To tackle this I tuned the chunking logic for tighter, cleaner chunks. Now that the core was ready it was time to expose this via an API.
Step 4: Backend with FastAPI
It was now the turn to building a working backend using FastAPI. This was a major milestone: it enabled an end-to-end interaction loop with endpoints for:
Uploading documents
Parsing and chunking
Generating embeddings
Accepting user questions
Returning contextually grounded answers
Did this work?
I thought this was it, I've nailed it — all I needed, I thought, is a frontend and we’ll be good to roll. But the results of testing the APIs were a disaster.
I ended up switching the embedding generation model within the RAG pipeline — moving from a basic chunking and embedding approach to a more refined NLP-based chunking and sentence-level parsing for better context capture.
Step 5: Response Generation — HuggingFace to OpenAI
Originally, HuggingFace models were used for both embeddings and summarization. But we noticed issues: slower inference, cluttered responses and inconsistent formatting. That’s when I made a strategic switch to OpenAI’s gpt-3.5-turbo, using it to synthesize responses from retrieved document chunks. This improved fluency, clarity and formatting immediately. HuggingFace remained for embeddings to keep costs low (because I was using OpenAI APIs at a cost per usage) and performance high.
What does the final architecture look like?
The complete modular flow now looks like this:
Upload → via FastAPI, It’s then Parsed using Python
Chunk → using regex or sentence-based strategy
Embed → using Sentence Transformers
Query → FastAPI endpoint retrieves top chunks, invokes OpenAI for final response
The last step
While the backend was robust and working well, the frontend was still pending. The next logical step was to wrap it with a UI — either a simple React app or a web-based assistant—to make it more user-friendly. That’s where Claude came in. I had a basic design sketched out in Figma and started with a simple idea, then watched Claude generate a complete, usable UI in under 10 minutes — it was absolutely mind-blowing.
Through iterative prompting, we evolved the basic components into a polished React interface, complete with drag-and-drop file uploads, chat bubbles and smooth animations. We then seamlessly integrated it with the FastAPI backend, powered by OpenAI's embeddings.

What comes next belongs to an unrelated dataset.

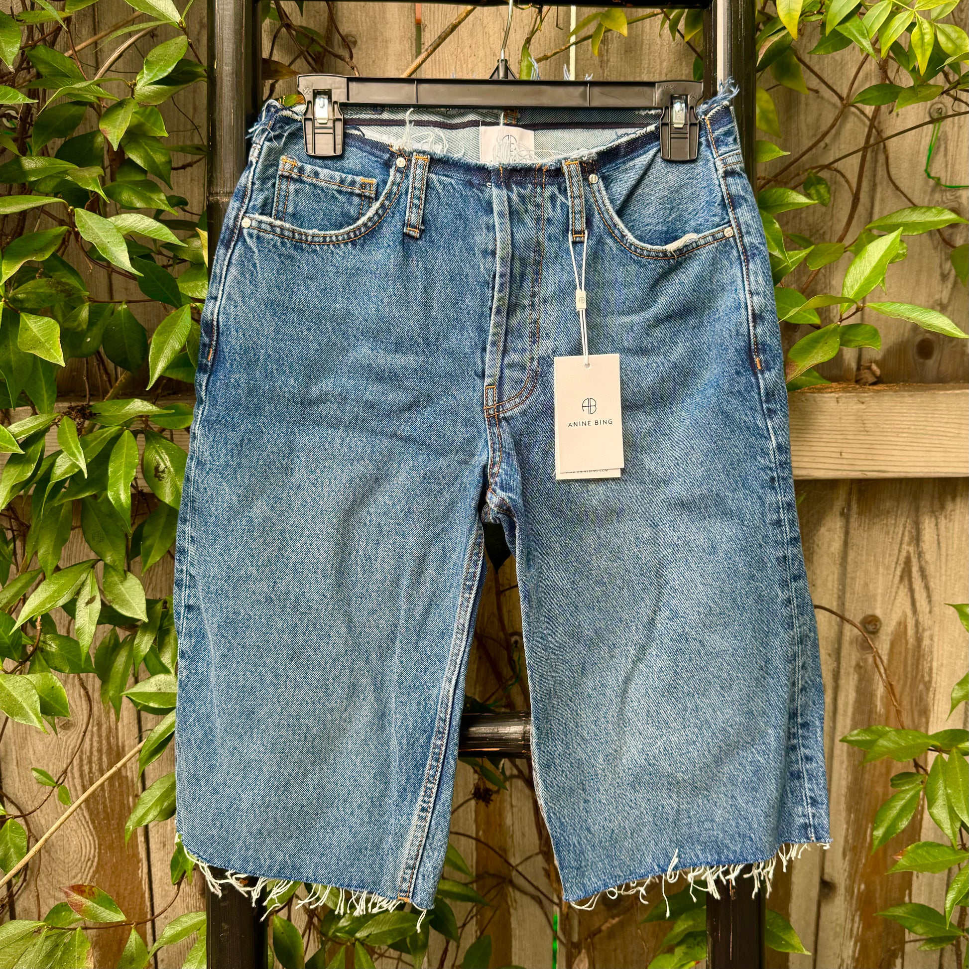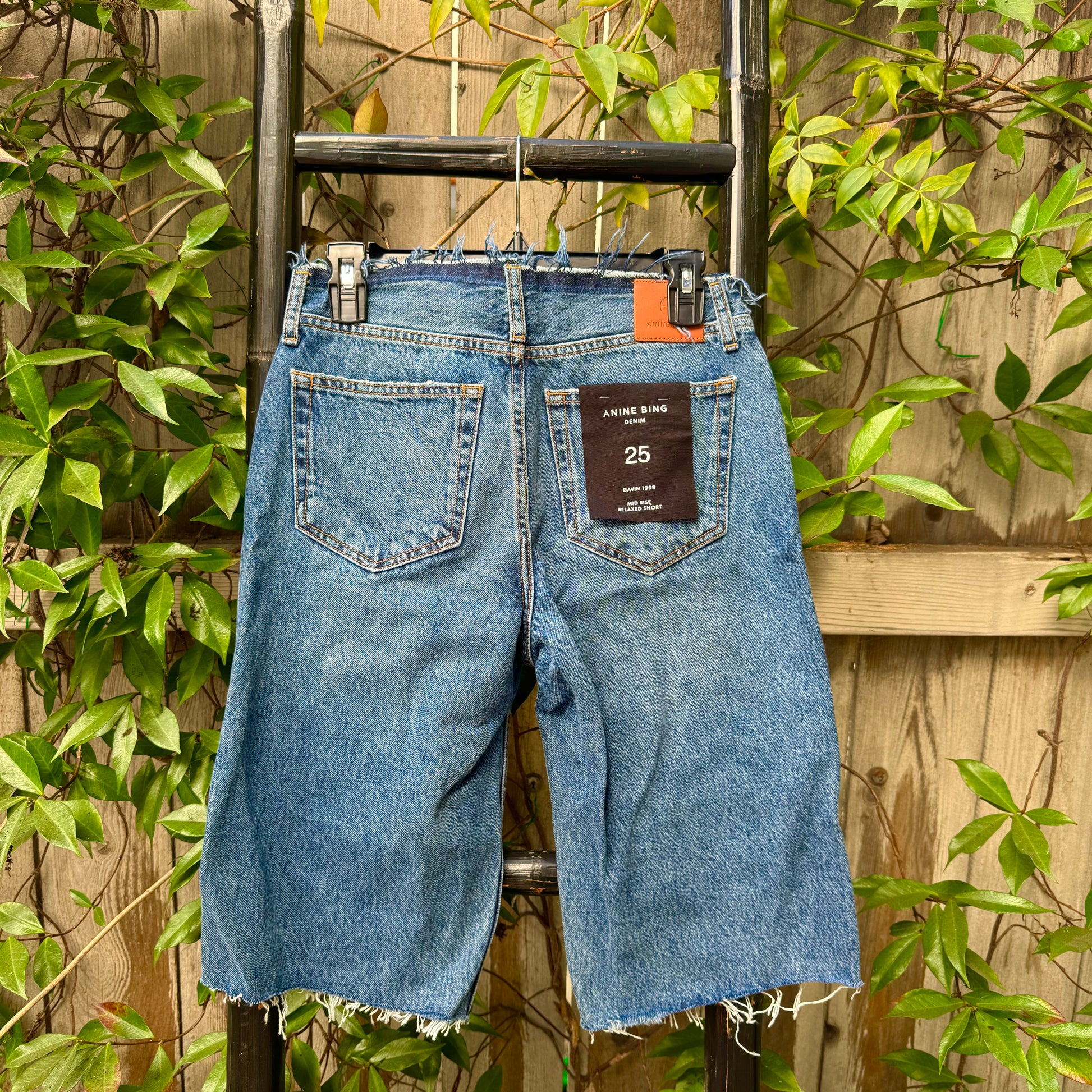 Void of a waistband, these wide-leg Gavin denim shorts are enhanced with raw trim and a classic button fly. Belt loops Button fly Five-pocket style Back leather logo patch Raw trim Machine wash

The result? DocuBrain — a Proof of Concept for document intelligence application that transforms static PDFs into interactive conversations. Built entirely through AI-assisted development, it proved that with the right conversations, you don’t just write code—you build software that’s great for having that first conversation and make selling ideas a lot easier.
Conclusion
This was one of my earliest attempts at using AI not just to write code, but to build a working solution prototype, something people could actually interact with, explore, and experience end to end. It went beyond static screens or conceptual mockups and demonstrated how an idea could move from intent to a usable product through iterative collaboration between human judgment and AI capability.
Since then, this space has expanded at an incredible pace. New tools now promise to generate interfaces, workflows, and full applications from simple prompts. The distance between product vision and working software has reduced dramatically. What once required weeks of engineering effort can now be prototyped in hours.
Yet, this experience also made one thing very clear. AI can accelerate execution, remove friction, and make experimentation easier, but it does not replace the need for human thinking. The decisions around what to build, why it matters, how it should behave, and when something is truly useful still rely on human understanding.
DocuBrain was not just a proof of concept for document intelligence. It was a proof of a new way of building, where AI becomes a collaborator in translating ideas into tangible software. The tools will continue to evolve, and the gap between idea and implementation will keep shrinking. But the role of the human in the loop, providing direction, context, and judgment, remains essential.